Q1.The demand for inferior goods decreases with ________ in the consumer’s income.
(a) Increase
(b) Decrease
(c) Constant
(d) Double
(e) None of these
Q2.Goods for which the quantity that a consumer chooses, increases as the consumer’s income increases and decreases as the income decreases are called?
(a) Inferior goods
(b) Normal goods
(c) Complementary goods
(d) Substitute goods
(e) None of these
Q3.The _________ balance is equal to capital flows from the rest of the world, minus capital flows to the rest of the world.
(a) Current Account
(b) Savings Account
(c) Capital Account
(d) Asset Account
(e) None of these
Q4. Balance of Trade is the difference between
(a) Country’s Income and Expense
(b) Country’s Exports and Import
(c) Country’s Tax Revenue and Expense
(d) Country’s capital inflow and outflow
(e) None of these
Q5. Micro economics deals with –
(a) the circular flow of income
(b) the decision making of a single economic variable like demand
(c) understanding unemployment
(d) economic growth
(e) None of these
Q6. __________________is a good whose quantity demanded decreases when consumer income rises.
(a) Veblen good
(b) Normal good
(c) Exclusive good
(d) Inferior good
(e) None of these
Q7. In economic equilibrium _____
(a) supply is equal to the demand.
(b) the surplus is larger than the shortage.

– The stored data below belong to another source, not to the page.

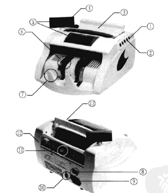 (1)復(fù)位;(2)請(qǐng)零;(3)滑鈔板;(4)指示燈;(5)顯示器;(6)接鈔輪;(7)擋鈔板;(8)外顯示插口;(9)電源插座 ;(10)電源開關(guān);(11)捻鈔調(diào)節(jié)螺絲 ;(12)磁性開關(guān);(13)吸塵器。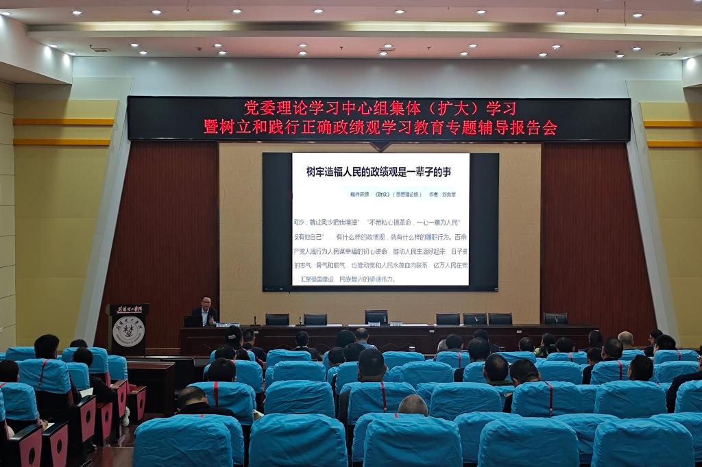 4月15日,我校在C201学术报告厅举办党委理论学习中心组集体(扩大)学习暨树立和践行正确政绩观学习教育专题辅导报告会,邀请荆门市委党校刘良军教授作专题辅导报告。校长张友兵主持并讲话,在校校领导参加学习。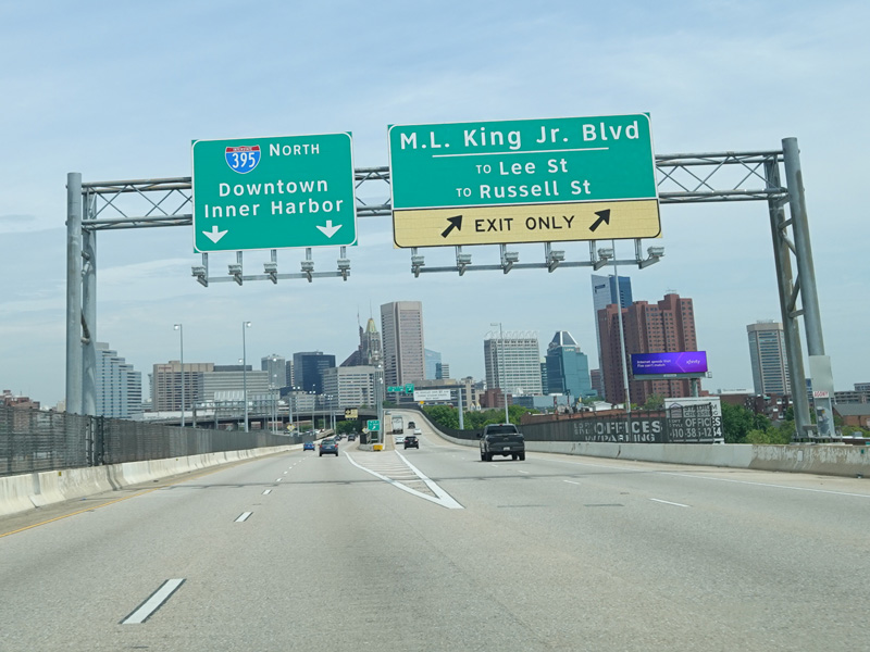 I-395 begins at I-95 in Baltimore. The one and only exit is for Martin Luther King Jr. Boulevard, Lee Street, and Russell Street.

(c) elasticity of demand equals elasticity of supply
(d) price elasticity of demand is unity
(e) None of these
Q8. The _________ of a firm is a relationship between inputs used and output produced by the firm.
(a) Marginal product
(b) Production function
(c) Total product
(d) Average product
(e) None of these
Q9.___________ is the set of all possible combinations of the two inputs that yield the same maximum possible level of output.
(a) The Short Run
(b) The Long Run
(c) Isoquant
(d) Average product
(e) None of these
Q10.The __________ exchange rate is the price of one unit of foreign currency in terms of domestic currency.
(a) Artificial
(b) Nominal
(c) Fixed
(d) Real
(e) None of these
Solutions
S1.Ans.(a)
Sol. In economics, an inferior good is a good whose quantity demanded decreases when consumer income rises.
S2.Ans.(b)
Sol. In economics, normal goods are any goods for which demand increases when income increases, and falls when income decreases but price remains constant, i.e. with a positive income elasticity of demand.
S3. Ans.(c)
Sol.The Capital Account balance is equal to capital flows from the rest of the world, minus capital flows to the rest of the world.
S4. Ans.(b)
Sol.The balance of trade (BOT) is the difference between a country’s imports and its exports for a given time period. The balance of trade is the largest component of the country’s balance of payments (BOP).
S5. Ans.(b)
Sol.Micro economics deals with the decision making of a single economic variable like demand.
S6. Ans.(d)
Sol.An inferior good is a good whose quantity demanded decreases when consumer income rises unlike normal goods, for which the opposite is observed. Normal goods are those for which consumers demand increases when their income increases.
S7. Ans.(a)
Sol.In economic equilibrium, supply is equal to the demand.
S8.Ans.(b)
Sol. In economics, a production function relates physical output of a production process to physical inputs or factors of production in a firm.
S9.Ans.(c)
Sol. An isoquant is a contour line drawn through the set of points at which the same quantity of output is produced while changing the quantities of two or more inputs. In other words, Isoquant is the set of all possible combinations of the two inputs that yield the same maximum possible level of output.
S10. Ans.(b)
Sol.The nominal exchange rate is defined as the number of units of the domestic currency that can purchase a unit of a given foreign currency and vice versa.